▶ _MATERIAL SUPPLIED_
----------

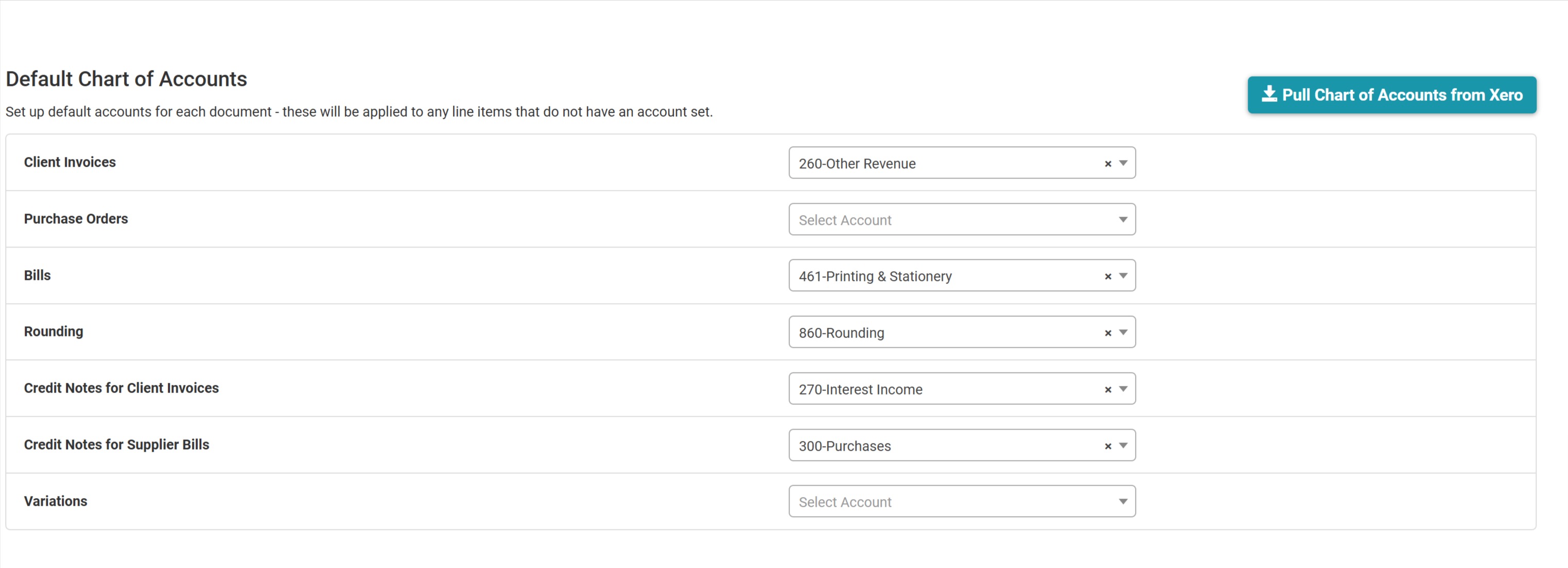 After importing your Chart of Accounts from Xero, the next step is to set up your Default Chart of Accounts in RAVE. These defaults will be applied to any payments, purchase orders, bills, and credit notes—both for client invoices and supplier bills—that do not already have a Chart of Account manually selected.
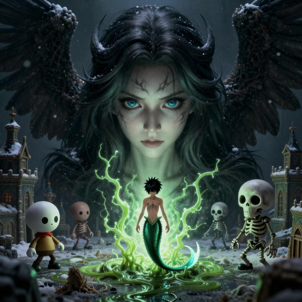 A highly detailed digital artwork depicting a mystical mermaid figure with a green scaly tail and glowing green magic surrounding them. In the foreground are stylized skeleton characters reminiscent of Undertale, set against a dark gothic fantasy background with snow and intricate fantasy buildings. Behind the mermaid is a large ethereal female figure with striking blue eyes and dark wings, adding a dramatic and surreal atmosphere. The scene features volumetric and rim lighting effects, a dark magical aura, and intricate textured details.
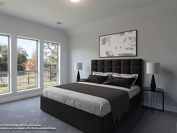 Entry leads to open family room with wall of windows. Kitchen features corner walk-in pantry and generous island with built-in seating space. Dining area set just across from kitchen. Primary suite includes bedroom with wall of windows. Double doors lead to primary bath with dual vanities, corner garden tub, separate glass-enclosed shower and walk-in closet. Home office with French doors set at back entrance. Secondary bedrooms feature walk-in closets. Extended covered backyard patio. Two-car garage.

----------

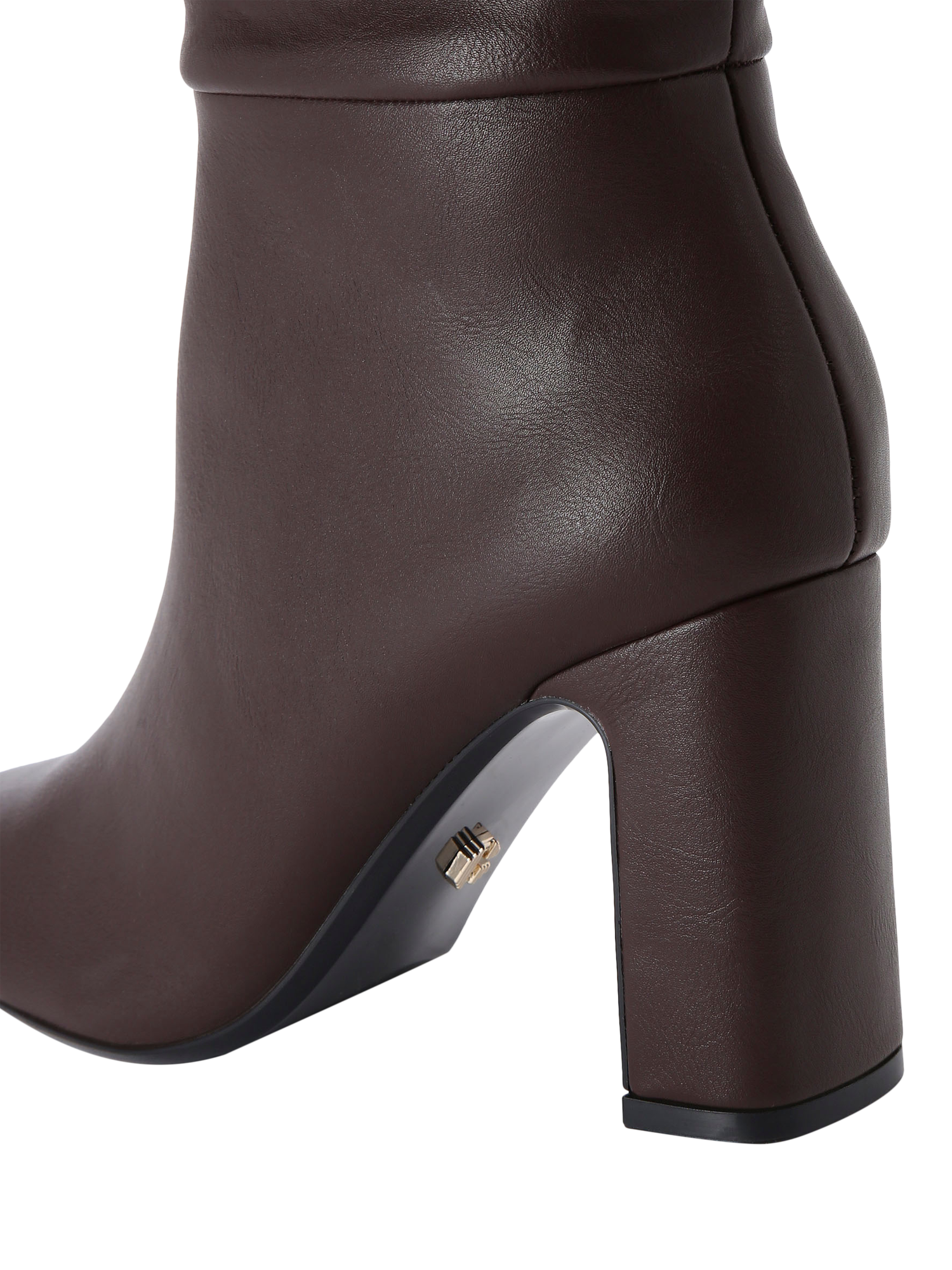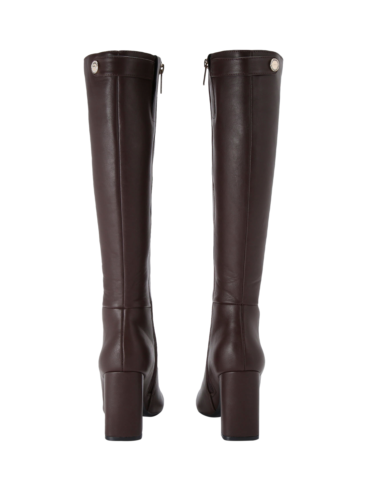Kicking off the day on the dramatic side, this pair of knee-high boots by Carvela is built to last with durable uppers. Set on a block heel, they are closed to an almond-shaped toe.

----------

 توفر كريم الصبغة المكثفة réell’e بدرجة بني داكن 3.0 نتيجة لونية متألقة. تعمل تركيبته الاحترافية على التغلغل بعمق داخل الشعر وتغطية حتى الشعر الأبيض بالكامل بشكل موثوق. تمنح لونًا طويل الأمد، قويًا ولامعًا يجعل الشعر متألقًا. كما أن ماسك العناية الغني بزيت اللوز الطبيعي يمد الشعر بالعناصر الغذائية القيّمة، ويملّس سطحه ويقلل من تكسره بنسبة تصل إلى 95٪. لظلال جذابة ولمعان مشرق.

----------

Begin at the line in the entries above that has "After importing your", stop after the line that has "Entry leads to", and output exactly those lines without pictures.

▶ _WRITTEN ANSWER_
 After importing your Chart of Accounts from Xero, the next step is to set up your Default Chart of Accounts in RAVE. These defaults will be applied to any payments, purchase orders, bills, and credit notes—both for client invoices and supplier bills—that do not already have a Chart of Account manually selected.
 A highly detailed digital artwork depicting a mystical mermaid figure with a green scaly tail and glowing green magic surrounding them. In the foreground are stylized skeleton characters reminiscent of Undertale, set against a dark gothic fantasy background with snow and intricate fantasy buildings. Behind the mermaid is a large ethereal female figure with striking blue eyes and dark wings, adding a dramatic and surreal atmosphere. The scene features volumetric and rim lighting effects, a dark magical aura, and intricate textured details.
 Entry leads to open family room with wall of windows. Kitchen features corner walk-in pantry and generous island with built-in seating space. Dining area set just across from kitchen. Primary suite includes bedroom with wall of windows. Double doors lead to primary bath with dual vanities, corner garden tub, separate glass-enclosed shower and walk-in closet. Home office with French doors set at back entrance. Secondary bedrooms feature walk-in closets. Extended covered backyard patio. Two-car garage.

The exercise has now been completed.